I am trying to code an observer pattern or a publish/submit pattern for a sort of cellular automaton.
The classical observer pattern does not to the trick because if a cell A subscribes to changes in a cell B and vice-versa, the application will run out of stack owing to the recursive approach (B.update() will call A.update() and so on and the app will run out of stack).

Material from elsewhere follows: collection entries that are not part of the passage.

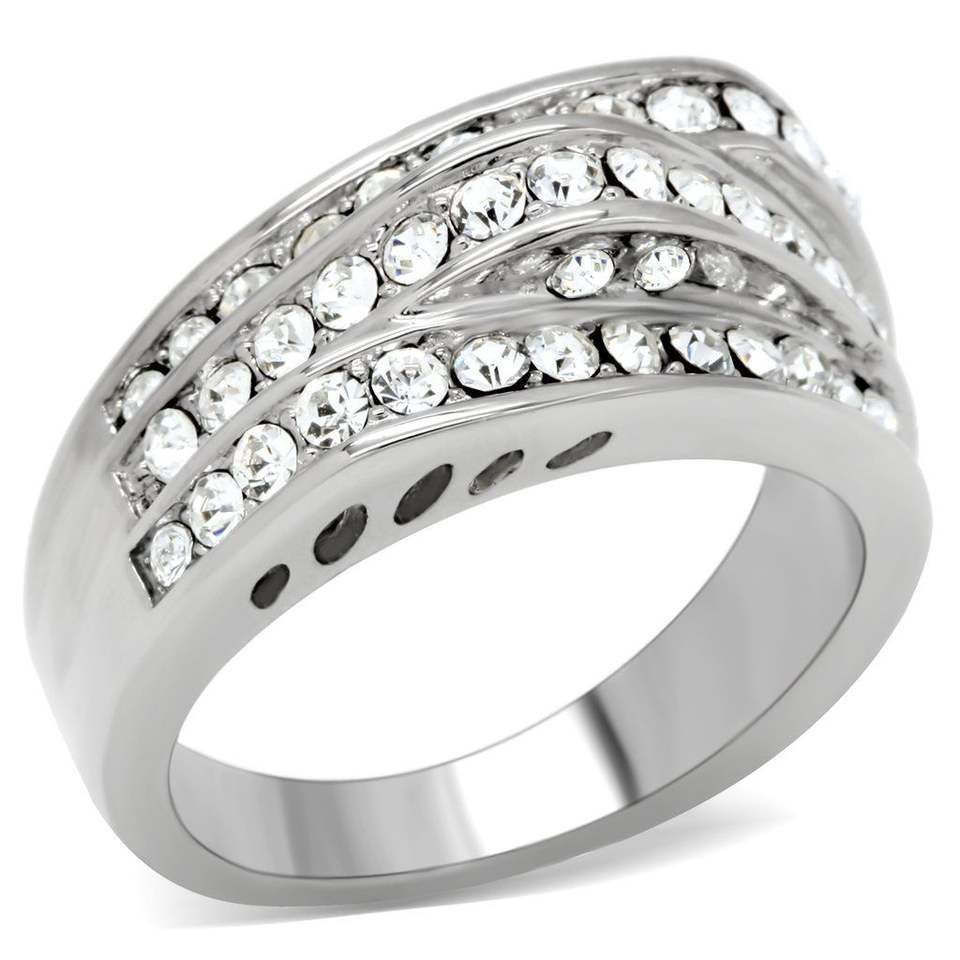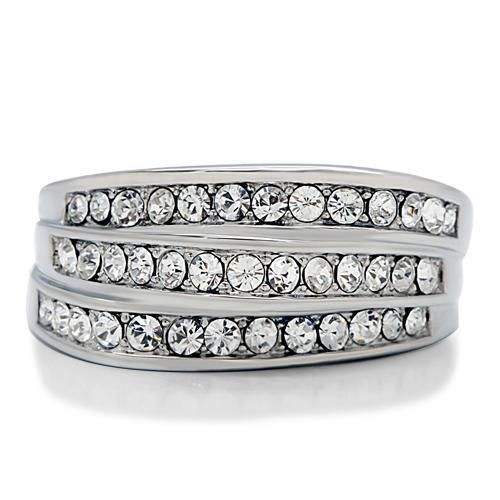 Anello TK188 in Acciaio Inossidabile Lucidato con Cristallo Trasparente di Alta Qualità, Anello alla Moda Senza Placcatura
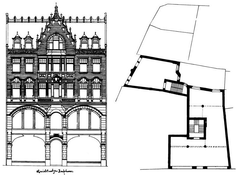 Старое здание снесли до основания, а на его месте по проекту архитекторского бюро Шель и Шеффель был выстроен новый пятиэтажный дом. Рижские архитекторы разработали техническую часть проекта, а вот рисунок фасада Деттманн заказал земляку: любекскому архитектору Карлу Гану. Строительство началось в 1900 году. Когда расчищали подвалы на участке, то нашли несколько интересных деталей средневекового дома, которые, по настоянию владельца, передали в городской музей. Возведение нового здания привлекло немалый интерес рижан. И дело вовсе не во внешнем виде здания, тогда о нём ещё мало что было известно. С самого начала строительства всю площадку проводившая работы фирма «Р. Хойзерманн» обнесла дощатым забором с навесом для защиты пешеходов. Сейчас такие меры считаются у нас нормой, но для 1900 года это было в новинку. Газеты того времени утверждали, что видят такое впервые в Риге и требовали, чтобы и другие строительные фирмы следовали примеру Хойзермана.
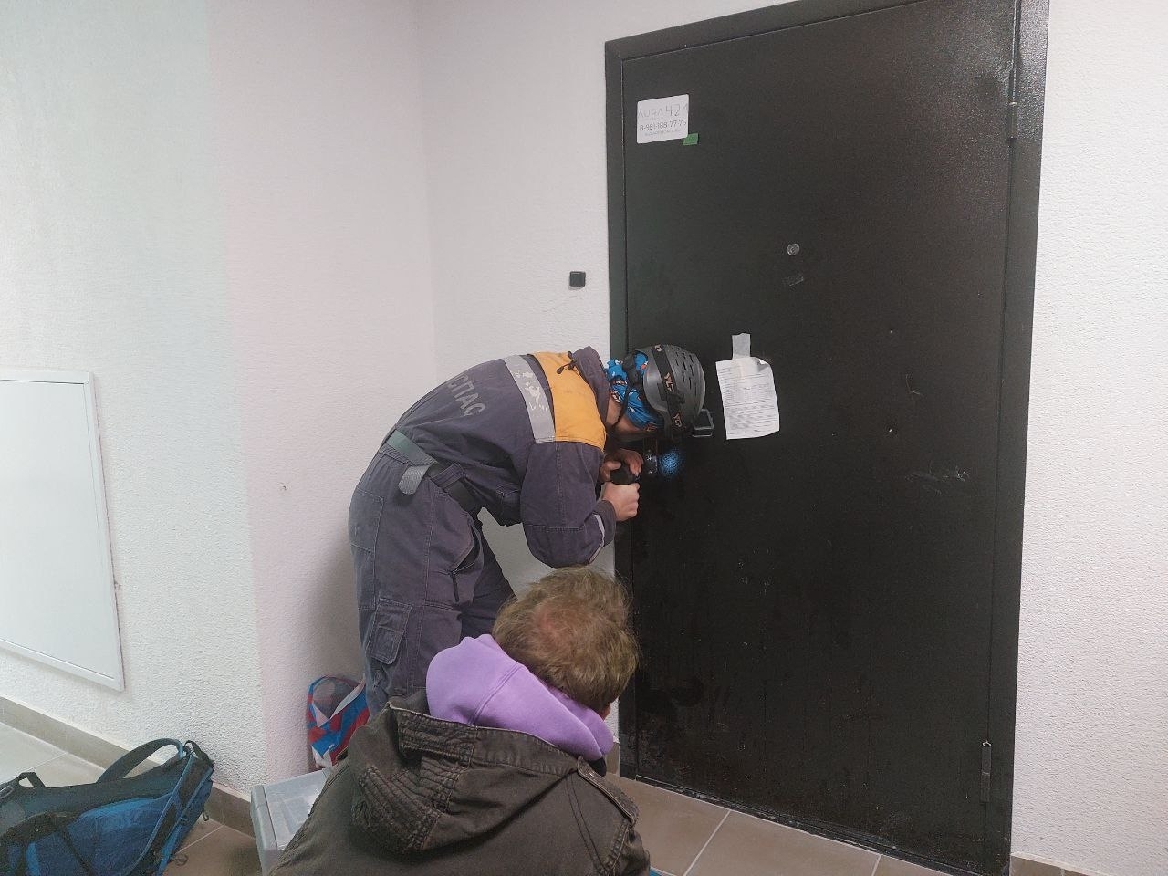Желая поднять кошку целиком, а не по частям, спасатели начали разрабатывать иную тактику. Пробовать петелькой рискованно. Спуститься из окна и вскрыть обшивку снаружи – сопряжено с рисками не только для животного, но и для спасателя (могут упасть). Третий вариант показался наиболее оптимистичным: постучаться к соседям с 8-го этажа. Но, увы, нужная квартира была еще не сдана застройщиком.
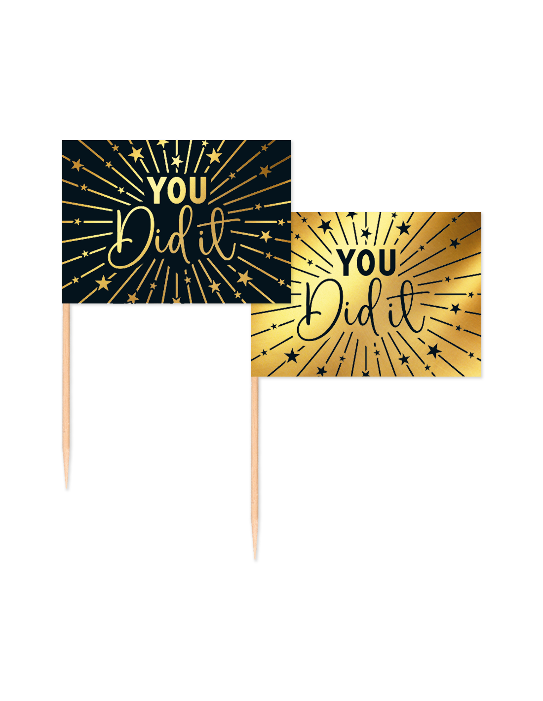 Maak elk feestje nét dat beetje specialer met deze stijlvolle cupcake prikkers. Met de feestelijke tekst “You Did It” zijn ze perfect voor het vieren van een diploma, verjaardag, babyshower, jubileum of elke andere mijlpaal die het waard is om in het zonnetje te zetten.

So I thought about using a publish/subscribe pattern where respective cells pass each other messages, rather than calling each other's update() methods.

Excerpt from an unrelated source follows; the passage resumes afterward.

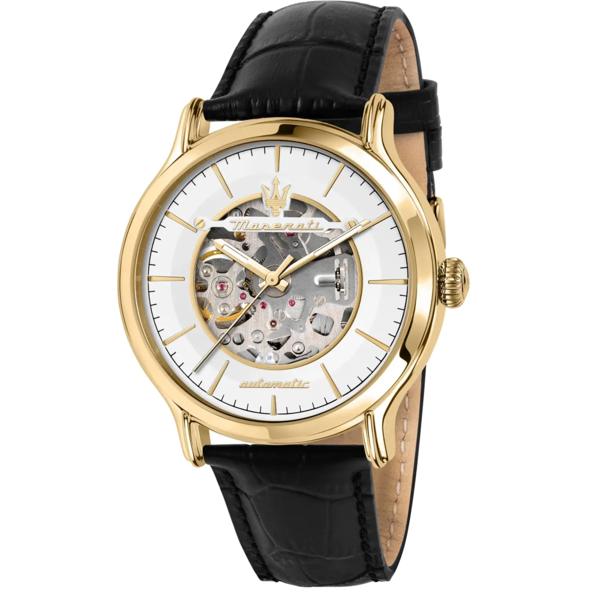 Orologio uomo maserati, R8821118011, collezione epoca, movimento automatico, solo tempo, cassa in acciaio dorato 42mm, quadrante con movimento a vista, fondello e corona a vite, vetro trattamento sapphire coated, cinturino in pelle, resistenza all'acqua 10atm
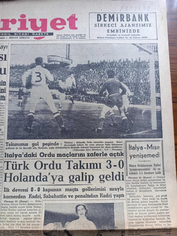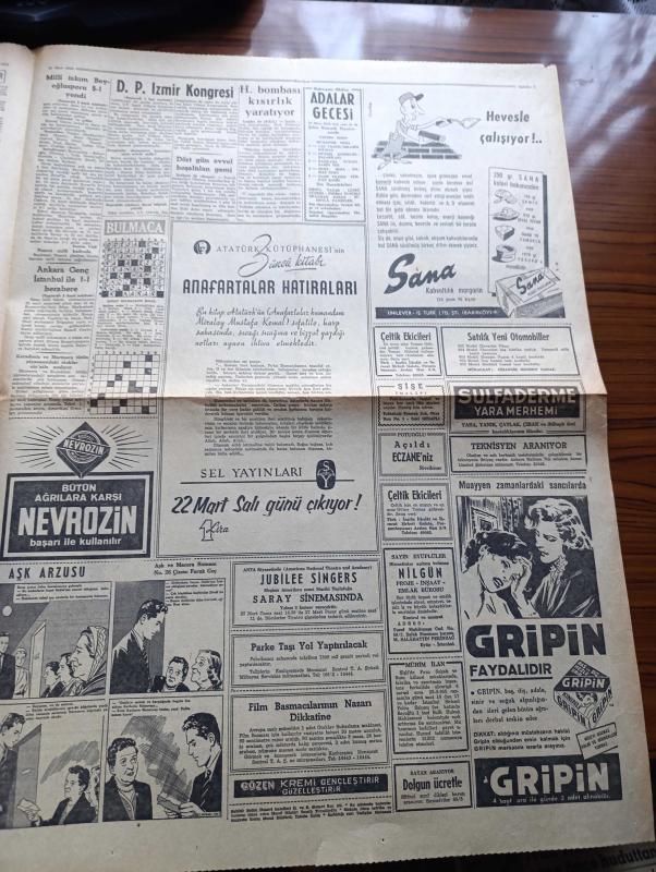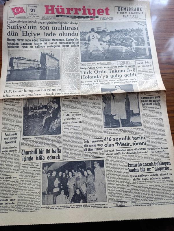 Hürriyet Gazetesi - Turkish Newspaper - 21 Mart 1955 - Suriye'nin son muhtırası Dün elçiye iade olundu - notayı bizzat iade eden başvekil Adnan Menderes - Yüzer havuz Fotoğrafı - italya'daki Ordu maçlarını zaferle açtık Fotoğrafı - Türk ordu takımı 3-0 Hollanda'ya galip geldi - dünya ordulararası futbol şampiyonasında İtalya Mısır yenişemedi - Demokrat Parti İzmir Kongresi bugünden itibaren çalışmalarına başlıyor - Adnan Menderes Endonezya'ya davet edildi - Churchill 1 2 hafta içinde istifa edecek - Ankara koleji öğrencileri dinlenmek için İstanbul'a geldi Haydarpaşa garında Fotoğrafı - Türkiye Masonlar Derneği Kongresi Tepebaşı'nda yapıldı fotoğraf - dünya gazeteleri ne diyor - İstanbul belediyesi ile petrol şirketi arası dava - Adalar gecesi şiir komedi tiyatrosunda takdim eden Muzaffer Tema - Aşk Arzusu çizen Faruk Geç - Türkiye Hollanda Ordu maçından Telecronixle aldığımız fotoğraflar - İsfendiyar ve Ali'nin beraber sürdürdüğü bir akın Fotoğrafı - İstanbul Ankara Radyosu Programı, Sedat Simavi tarafından kaleme alınmıştır. Hürriyet Gazetesi - Turkish Newspaper - 21 Mart 1955 - Suriye'nin son muhtırası Dün elçiye iade olundu - notayı bizzat iade eden başvekil Adnan Menderes - Yüzer havuz Fotoğrafı - italya'daki Ordu maçlarını zaferle açtık Fotoğrafı - Türk ordu takımı 3-0 Hollanda'ya galip geldi - dünya ordulararası futbol şampiyonasında İtalya Mısır yenişemedi - Demokrat Parti İzmir Kongresi bugünden itibaren çalışmalarına başlıyor - Adnan Menderes Endonezya'ya davet edildi - Churchill 1 2 hafta içinde istifa edecek - Ankara koleji öğrencileri dinlenmek için İstanbul'a geldi Haydarpaşa garında Fotoğrafı - Türkiye Masonlar Derneği Kongresi Tepebaşı'nda yapıldı fotoğraf - dünya gazeteleri ne diyor - İstanbul belediyesi ile petrol şirketi arası dava - Adalar gecesi şiir komedi tiyatrosunda takdim eden Muzaffer Tema - Aşk Arzusu çizen Faruk Geç - Türkiye Hollanda Ordu maçından Telecronixle aldığımız fotoğraflar - İsfendiyar ve Ali'nin beraber sürdürdüğü bir akın Fotoğrafı - İstanbul Ankara Radyosu Programı adlı eser Türkçe dilindedir.

Here is a simple example with two cells A and B:
package main
import (
"fmt"
ps "publish/pubsub"
)
func main() {
fmt.Printf("Starting\n")
chEnd := make(chan int)
// initialize
a := ps.NewNode(1, 0)
b := ps.NewNode(2, 0)
// connect nodes
a.Connect(b.ChOut)
b.Connect(a.ChOut)
// Start listening
a.Listen()
b.Listen()
// Start sending data on one arbitrary node
// to start the process.
a.ChIn <- 10
<-chEnd
}
and the corresponding lib
package pubsub
import (
"fmt"
)
type Node struct {
Id int
State int
ChOut chan int
ChIn chan int
}
func NewNode(id int, state int) Node {
chout := make(chan int)
var chin chan int
return Node{id, state, chout, chin}
}
func (p *Node) Broadcast(inItem int) {
p.ChOut <- inItem + 1
//time.Sleep(100 * time.Millisecond)
}
func (p *Node) Listen() {
go func() {
for {
select {
case inItem := <-p.ChIn:
fmt.Printf("%d: %d\n", p.Id, inItem)
p.Broadcast(inItem)
}
}
}()
}
func (p *Node) Connect(ch chan int) {
p.ChIn = ch
}
Each node has a input and an output channe.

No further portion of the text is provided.